La justice turque entame le procès des universitaires, manifestation à Bruxelles

Un seul chef d’accusation, des dizaines d’audiences jusqu’en avril. A Bruxelles, on manifeste.

Christophe Lamfalussy
La justice turque entame le procès des universitaires, manifestation à Bruxelles
©Johanna De Tessières

Un seul chef d’accusation, des dizaines d’audiences jusqu’en avril. A Bruxelles, on manifeste.

Date et lieu du crime ? “Le 11 janvier 2016, propagande pour une organisation terroriste”, entame l’acte d’accusation dressé par le procureur en chef d’Istanbul. Derrière cette lourde accusation, se cache l’un des procès les plus emblématiques de l’ère Erdogan, allié aux nationalistes turcs du MHP.

Sept mois avant la tentative de coup d’État, il a trait à la signature par 1128 universitaires turcs d’une pétition appelant à renouer le dialogue avec les Kurdes, à un moment où la guérilla du PKK avait relancé l’option militaire contre l’armée turque, laquelle déployait ses blindés dans les villes à majorité kurde.

Les universitaires dénonçaient “l’acharnement” d’Ankara contre l’ensemble de la communauté kurde, le “massacre délibéré” dans les villes de l’est du pays et demandaient la levée du couvre-feu et le début de négociations.

La référence à une forme de violence d’État, qui mettait en sourdine celle de la branche armée du PKK, a fortement déplu aux autorités. L’acte d’accusation souligne que, dès l’été 2015, des Kurdes ont commencé à réclamer l’autogestion tandis que le PKK attaquait l’armée avec des lance-roquettes.

La justice ne fait pas référence au fait que le parti du président Erdogan avait subi une lourde défaite en juin 2015, alors que le HDP, prokurde et de gauche, dépassait la barre des 10 % qui lui permettait de rentrer au parlement et de bloquer la réforme constitutionnelle à laquelle Erdogan aspirait. Les deux coprésidents de cette formation seront arrêtés l’année suivante sous le prétexte identique de collusion avec le PKK.

Bien que le procureur n’incrimine qu’un seul fait, le déroulement du procès va se dérouler de manière individuelle, ce qui fait dire aux sympathisants des universitaires que tout est fait pour les décourager d’assister aux audiences. La première devrait avoir lieu ce mardi au palais de justice de Caglayan, en présence d’observateurs étrangers, dont la Consule générale de Belgique à Istanbul.

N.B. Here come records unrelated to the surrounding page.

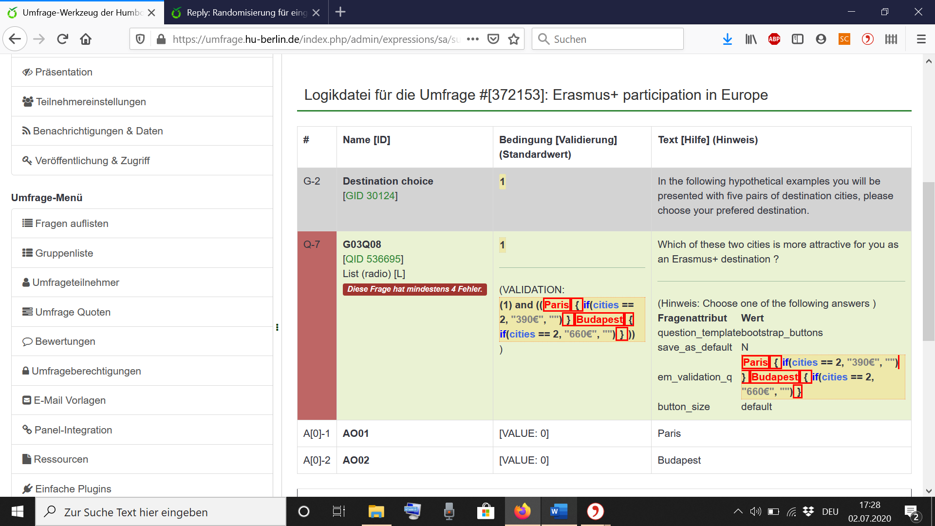 Was würde hier passieren? Wenn die Zufallszahl 2 ist, dann zeigt Limesurvey das folgende an: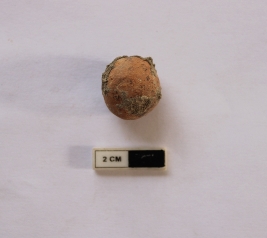 | Description / विवरण | A terracotta sling ball in a spherical shape and dull red in color. It is damaged in condition. |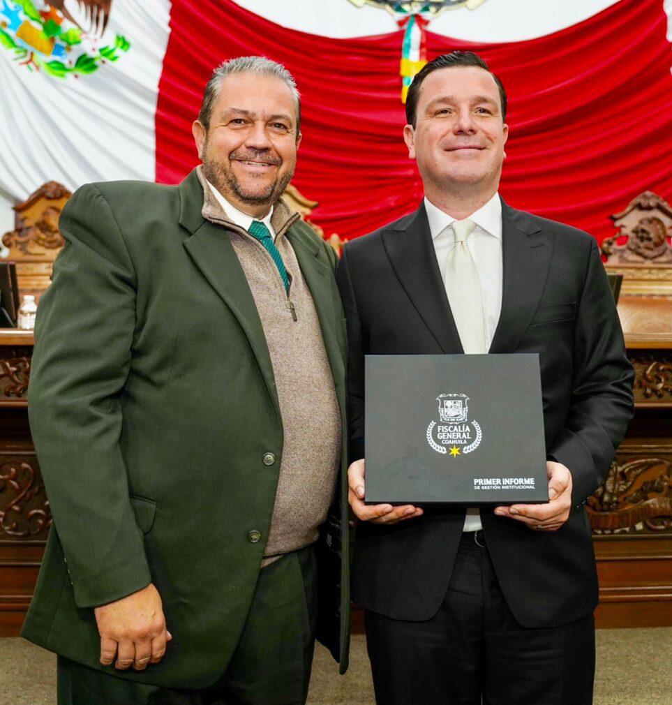 Gutiérrez Merino felicitó al fiscal Fernández Montañez por su informe y trabajo realizado en este tiempo y reiteró que el Gobierno Municipal de Ramos Arizpe continuará sumándose a la estrategia estatal de seguridad, junto con el ejército y Marina.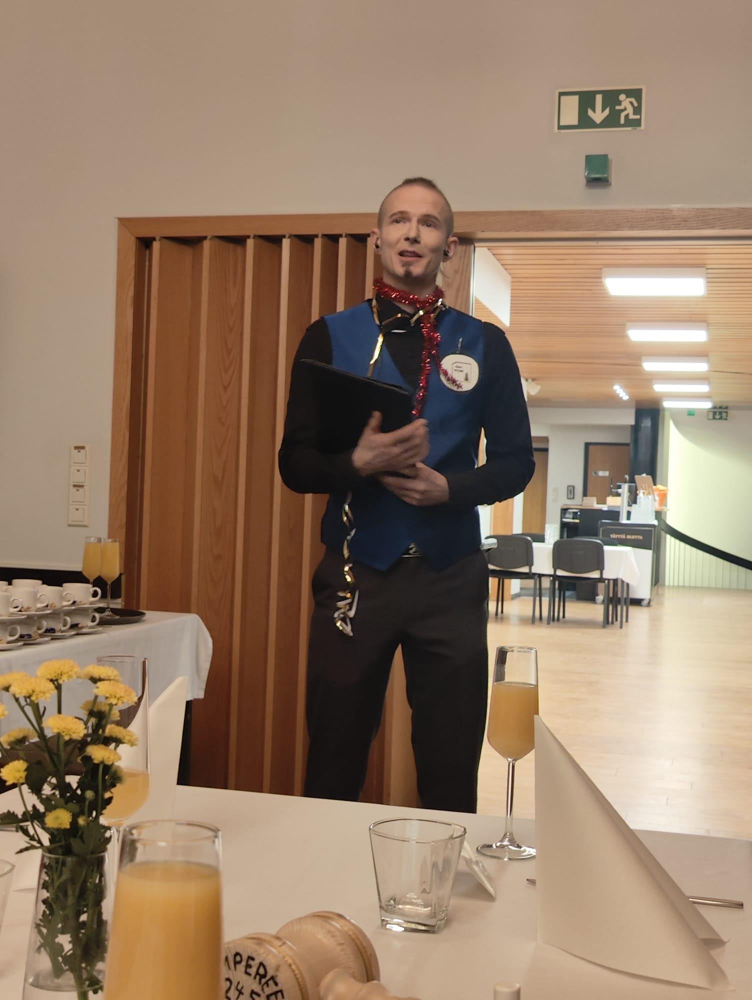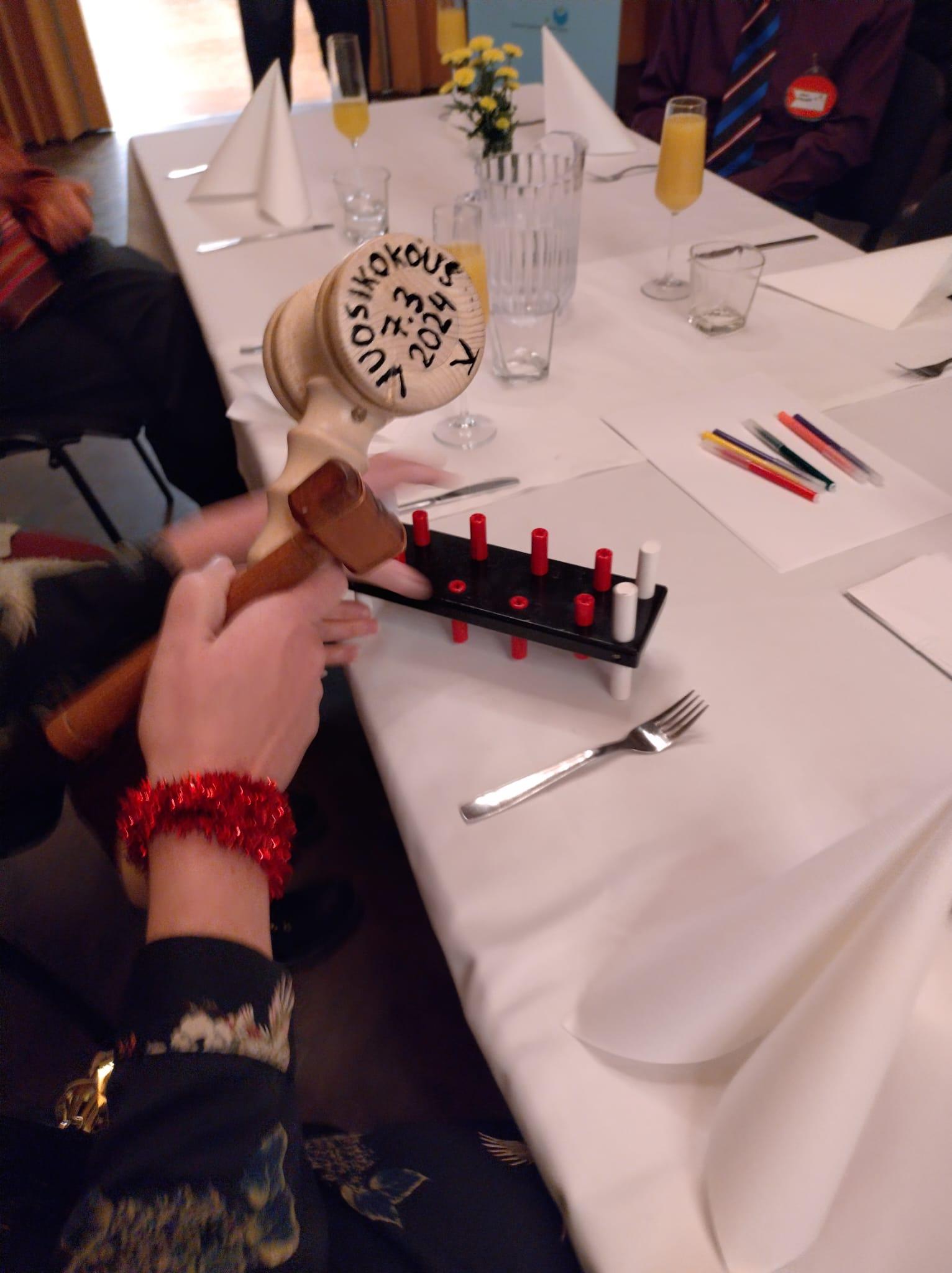 Ilta alkoi juhlallisesti Tampereen Vanhempien puheenjohtajan Johanna Kivistön pienellä puheella ja alkumaljoilla, ja sen jälkeen illan seremoniamestari Marianne Stenholm ohjasi meidät kohti itse kastetta, jossa jokainen pääsi osoittamaan kykynsä nuijan kanssa. Hakka-hakka kiersi jokaisen läpi ja kukin persoonallisella tavallaan hakkasi palikoita, valiten ison tai pienen nuijan. Sitten saimme kuulla TreVaRyn hallituksen jäsenen, Juri Uljaan, tekemän runon varta vasten meitä varten kirjoitettuna.

Des députés bruxellois manifestent

Les audiences vont se succéder jusqu’en avril 2018. Une septantaine en décembre sont programmées. Des centaines d’universitaires, venus d’établissements aussi réputés que l’université Galatasaray, partenaire du programme Erasmus, vont défiler. “Les autorités ont décidé de séparer ces audiences pour affaiblir le soutien”, estime André du Bus (CDH), qui participait lundi soir à une manifestation devant l’ambassade de Turquie à Bruxelles.

Une trentaine de personnes étaient rassemblées, dont les députés bruxellois Simone Susskind et Julien Uyttendaele (PS), Julie de Groote (CDH) et Paul Delva (CD&V). Une minute de silence doit également être observée ce mardi sur les campus de l’UCL. “Nous aurions souhaité que la Turquie avance plus vers la démocratie. Malheureusement, c’est le contraire qui se produit”, a dit la députée Susskind.

Ces “Universitaires pour la Paix” ne sont qu’une fraction de ceux qui sont poursuivis par les autorités turques. Car, après le coup d’État, d’autres ont été accusés d’être liés au mouvement de Fethullah Gülen. Près de 120 000 personnes, dont des professeurs, des juges, des journalistes et des militaires, ont été limogées dans la purge qui a suivi. “Environ 30 000 ont été réintégrées”, affirme un diplomate turc, après qu’une commission spéciale ait revu leur dossier, un par un. Mais l’état d’urgence se poursuit.